Just a few more sleeps to Christmas…

It’s Christmas again. Panic time! What on earth am I going to get the family? Will we even be able to get together with all these transport strikes happening? And with inflation at a record high, will we be able to afford it anyway? Apparently, over 20% of families will take out an overdraft or otherwise find credit to pay for Christmas. And half of these will be borrowing money to cover the cost of Christmas food itself, not just all the presents and other stuff that Christmas entails. Help…But however you approach it, I really do hope you enjoy your Christmas, manage to avoid the onslaught of commercialism or the pressure to follow other people’s agendas, and appreciate deeply what this fantastic feast is all about.

Because it really is something worth celebrating. The Bible is full of celebrations and it seems that God joins in the fun when we focus on the good things he has given us and celebrate together with others.

Israel, for example, was told to keep back a tenth of all they produced. But this wasn’t some religious tax – it was used to help the poor, widows, orphans and foreigners in the land; and to supply the needs of the priests and Levites who had no land of their own.

But every third year the Israelites were instructed to take their money to Jerusalem, and when there, to buy choice food, and wine or beer, and celebrate joyfully before God. Families and friends, unashamedly spending time together, creating an environment of joyful celebration over good food and drink. Sounds like a plan! You don’t need to take out a mortgage to have a decent celebration, but it’s also not free. Strengthening relationships and building memories comes at a price, but one that apparently God thinks is worth paying.

Celebrating also needs a focus – maybe that’s why we like birthdays and other such occasions. Otherwise, it just becomes plain hedonism, having a good time for the sake of it. A celebration needs a reason, something that we can genuinely rejoice over. And at Christmas, Christ certainly is “the reason for the season”, as the saying goes. So best not to let the fun and games obscure what it’s all about, but make time and space alongside all that to appreciate again just how Christmas started.

To do that, we have to go beyond our nativity-play induced picture of innkeepers and stables, shepherds and angels, kings on camels, and in the middle of it all, one beatific baby. Somehow the mince pies and mulled wine, carols sung by angelic choir boys and cheery TV presenters succeed in changing the way we relate to what actually happened in Bethlehem. This was no carefully staged reality show or Hollywood blockbuster. It was real.

Jesus’s entry into the world was like that of any other baby – torn from the warmth and comfort of his mother’s womb, emerging through blood and pain into a potentially hostile and dangerous world, especially in first-century Palestine. Somehow, in that moment, God’s purposes for all of creation came to be contained in that minute ball of newborn humanity.

Despite the carol’s best intentions, the little Lord Jesus no doubt did his fair share of crying those first few days. Mary too. We have no reason to believe that Jesus was at all different to any other milk-guzzling nappy-filling (if they’d had nappies back then…), spend-half-the-night-screaming, but still somehow delightful human.

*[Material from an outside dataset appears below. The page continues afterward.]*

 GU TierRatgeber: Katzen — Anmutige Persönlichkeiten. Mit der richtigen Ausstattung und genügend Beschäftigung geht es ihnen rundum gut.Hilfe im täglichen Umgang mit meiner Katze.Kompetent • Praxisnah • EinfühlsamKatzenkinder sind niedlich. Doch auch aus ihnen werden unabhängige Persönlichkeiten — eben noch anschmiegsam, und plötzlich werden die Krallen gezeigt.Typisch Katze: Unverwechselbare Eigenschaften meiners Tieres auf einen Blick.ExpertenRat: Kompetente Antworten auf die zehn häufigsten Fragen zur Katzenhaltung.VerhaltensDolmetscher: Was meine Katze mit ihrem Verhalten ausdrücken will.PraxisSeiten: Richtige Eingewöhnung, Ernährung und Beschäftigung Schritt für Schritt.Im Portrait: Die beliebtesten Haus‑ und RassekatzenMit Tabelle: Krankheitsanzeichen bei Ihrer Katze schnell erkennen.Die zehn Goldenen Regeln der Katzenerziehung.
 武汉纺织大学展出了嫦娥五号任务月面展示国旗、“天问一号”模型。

God chose to come to us in the weakness and fragility of an ordinary human life. No gimmicks or tricks, no back-doors or get-out clauses. Jesus’s body hurt when he fell over, fought germs and bacteria like ours, felt hunger and thirst as we do, not to mention the complex mix of hormone-fuelled emotions that flood our senses throughout our lives. Here he was, God, now one of us, nothing more and nothing less.

I don’t think we can ever really take in what that means. None of us has ever experienced the glory of eternity from God’s perspective, a world without suffering or sin or pain or death, a realm of utter peace, joy, goodness and pure, uninhibited love. That was Jesus’s home territory. He’d never known anything else – not personally at least. Yes, he’d no doubt suffered as he watched his creation tear itself apart, experiencing pain at the choices that humanity, made in his very own image, seemed destined to make. But that was vicarious pain, the pain of an external observer; now he stepped into that world for himself.

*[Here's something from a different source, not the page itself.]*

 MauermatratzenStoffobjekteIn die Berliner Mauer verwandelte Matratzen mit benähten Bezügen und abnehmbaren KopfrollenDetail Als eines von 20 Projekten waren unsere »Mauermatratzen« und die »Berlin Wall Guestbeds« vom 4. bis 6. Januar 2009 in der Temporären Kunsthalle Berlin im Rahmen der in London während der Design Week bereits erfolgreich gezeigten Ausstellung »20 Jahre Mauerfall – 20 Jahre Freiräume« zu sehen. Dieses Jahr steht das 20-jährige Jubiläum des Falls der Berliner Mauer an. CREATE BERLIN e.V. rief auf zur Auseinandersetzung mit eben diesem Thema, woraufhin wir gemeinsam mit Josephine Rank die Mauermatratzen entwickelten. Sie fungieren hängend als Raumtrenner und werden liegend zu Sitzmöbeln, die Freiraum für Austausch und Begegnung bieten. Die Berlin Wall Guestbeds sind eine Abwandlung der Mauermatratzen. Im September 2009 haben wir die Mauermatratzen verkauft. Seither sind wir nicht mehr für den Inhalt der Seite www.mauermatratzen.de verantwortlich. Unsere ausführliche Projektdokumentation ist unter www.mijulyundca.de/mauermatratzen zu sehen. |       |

For the next thirty years, the one born in Bethlehem found ample opportunity to experience all that life in our world implied. (And even saying this, we may fail to appreciate what that meant for the eternal, without-beginning-or-end God to experience being limited by time.) The gospels only give us occasional glimpses, precious snippets of Jesus’s incarnate life: obedience, suffering, learning, growing, finding his place, discovering his identity and fulfilling his destiny.

And just like all other human beings, his life could only go in one direction. Jesus was to leave this world the same way he came into it – with cries, blood and pain, accompanied there too by the mother who gave him birth. His life ended as that of any human, ebbing away, seeping through the cracks of our mortality. His death was to give us life, but that did not make it any easier for the living one who chose to die.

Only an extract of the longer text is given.